Lucieri Adriano, Dengel Andreas, Ahmed Sheraz
Smart Data and Knowledge Services (SDS), Deutsches Forschungszentrum für Künstliche Intelligenz (DFKI) GmbH, Kaiserslautern, Germany.
Computer Science Department, RPTU Kaiserslautern-Landau, Kaiserslautern, Germany.
Front Bioinform. 2023 Jul 5;3:1194993. doi: 10.3389/fbinf.2023.1194993. eCollection 2023.
Artificial Intelligence (AI) has achieved remarkable success in image generation, image analysis, and language modeling, making data-driven techniques increasingly relevant in practical real-world applications, promising enhanced creativity and efficiency for human users. However, the deployment of AI in high-stakes domains such as infrastructure and healthcare still raises concerns regarding algorithm accountability and safety. The emerging field of explainable AI (XAI) has made significant strides in developing interfaces that enable humans to comprehend the decisions made by data-driven models. Among these approaches, concept-based explainability stands out due to its ability to align explanations with high-level concepts familiar to users. Nonetheless, early research in adversarial machine learning has unveiled that exposing model explanations can render victim models more susceptible to attacks. This is the first study to investigate and compare the impact of concept-based explanations on the privacy of Deep Learning based AI models in the context of biomedical image analysis. An extensive privacy benchmark is conducted on three different state-of-the-art model architectures (ResNet50, NFNet, ConvNeXt) trained on two biomedical (ISIC and EyePACS) and one synthetic dataset (SCDB).
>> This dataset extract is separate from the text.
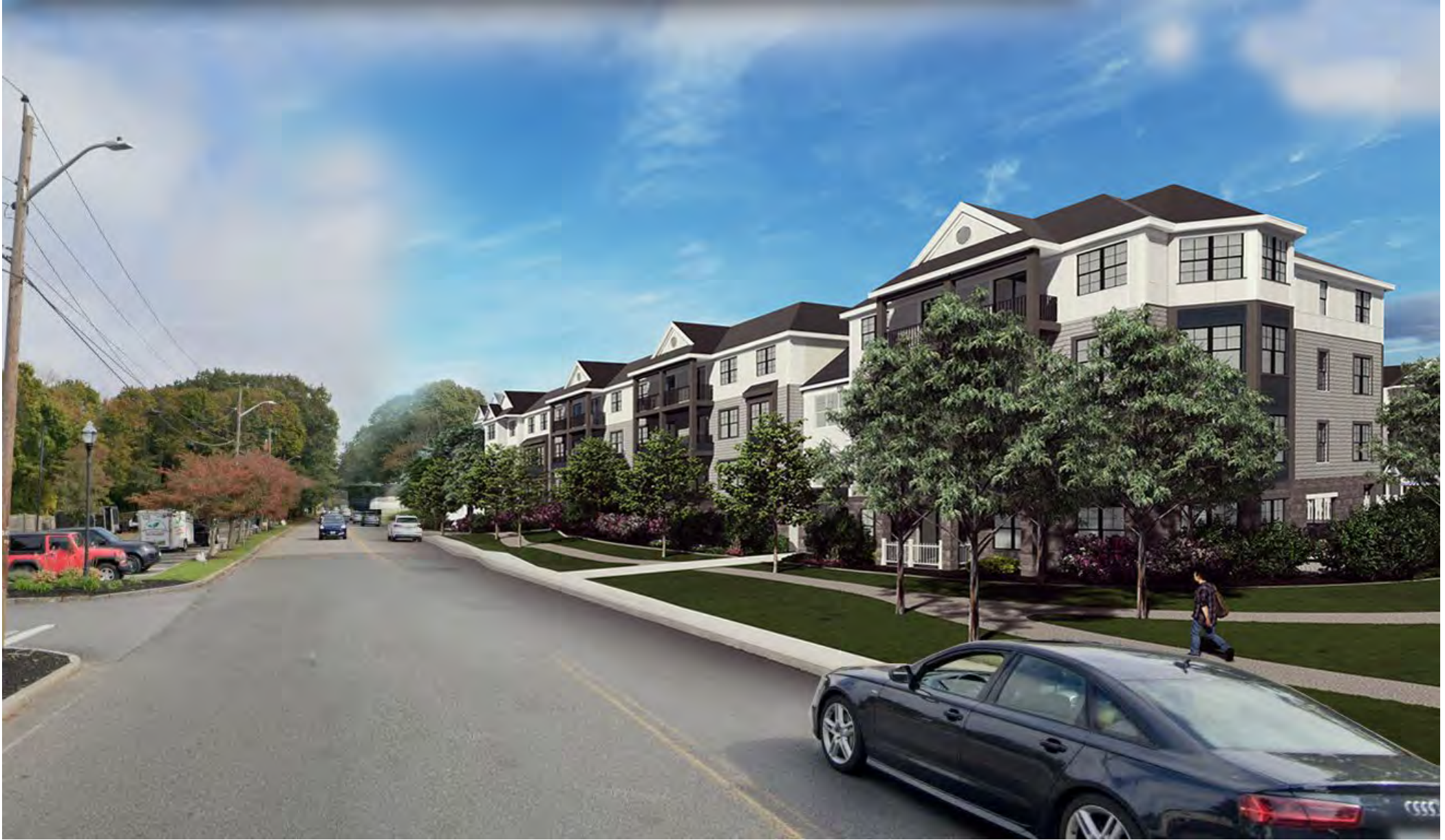
OPTION 1: DUTCH HIP ROOF

The success of membership inference attacks while exposing varying degrees of attribution-based and concept-based explanations is systematically compared. The findings indicate that, in theory, concept-based explanations can potentially increase the vulnerability of a private AI system by up to 16% compared to attributions in the baseline setting. However, it is demonstrated that, in more realistic attack scenarios, the threat posed by explanations is negligible in practice. Furthermore, actionable recommendations are provided to ensure the safe deployment of concept-based XAI systems. In addition, the impact of differential privacy (DP) on the quality of concept-based explanations is explored, revealing that while negatively influencing the explanation ability, DP can have an adverse effect on the models' privacy.
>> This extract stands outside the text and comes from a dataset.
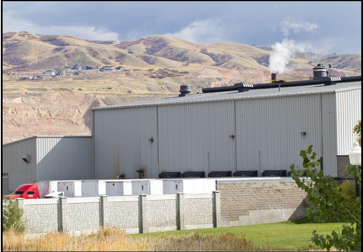
Stericycle, Inc.'s medical waste incinerator in North Salt Lake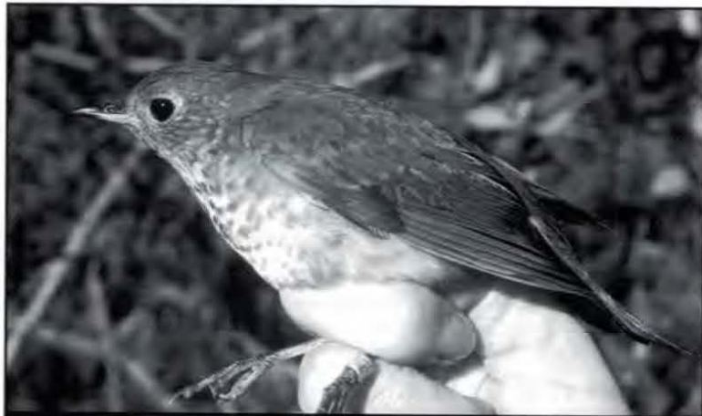
If accepted, this Bicknell's thrush would be a first Ohio record. It was banded and photographed at Navarre Marsh in Lucas County on 28 October 2001.

人工智能(AI)在图像生成、图像分析和语言建模方面取得了显著成功,使得数据驱动技术在实际的现实世界应用中越来越重要,有望为人类用户提高创造力和效率。然而,在基础设施和医疗保健等高风险领域部署人工智能仍引发了对算法问责制和安全性的担忧。可解释人工智能(XAI)这一新兴领域在开发使人类能够理解数据驱动模型所做决策的接口方面取得了重大进展。在这些方法中,基于概念的可解释性因其能够将解释与用户熟悉的高级概念相结合而脱颖而出。尽管如此,对抗机器学习的早期研究表明,暴露模型解释会使受害模型更容易受到攻击。这是第一项在生物医学图像分析背景下研究和比较基于概念的解释对深度学习人工智能模型隐私影响的研究。我们在三个不同的、最先进的模型架构(ResNet50、NFNet、ConvNeXt)上进行了广泛的隐私基准测试,这些模型架构是在两个生物医学(ISIC和EyePACS)和一个合成数据集(SCDB)上训练的。系统地比较了在暴露不同程度的基于归因和基于概念的解释时成员推理攻击的成功率。研究结果表明,从理论上讲,与基线设置中的归因相比,基于概念的解释可能会使私有人工智能系统的脆弱性增加高达16%。然而,事实证明,在更现实的攻击场景中,解释所带来的威胁在实践中可以忽略不计。此外,还提供了可行的建议,以确保基于概念的XAI系统的安全部署。此外,还探讨了差分隐私(DP)对基于概念的解释质量的影响,结果表明,虽然DP会对解释能力产生负面影响,但它也会对模型的隐私产生不利影响。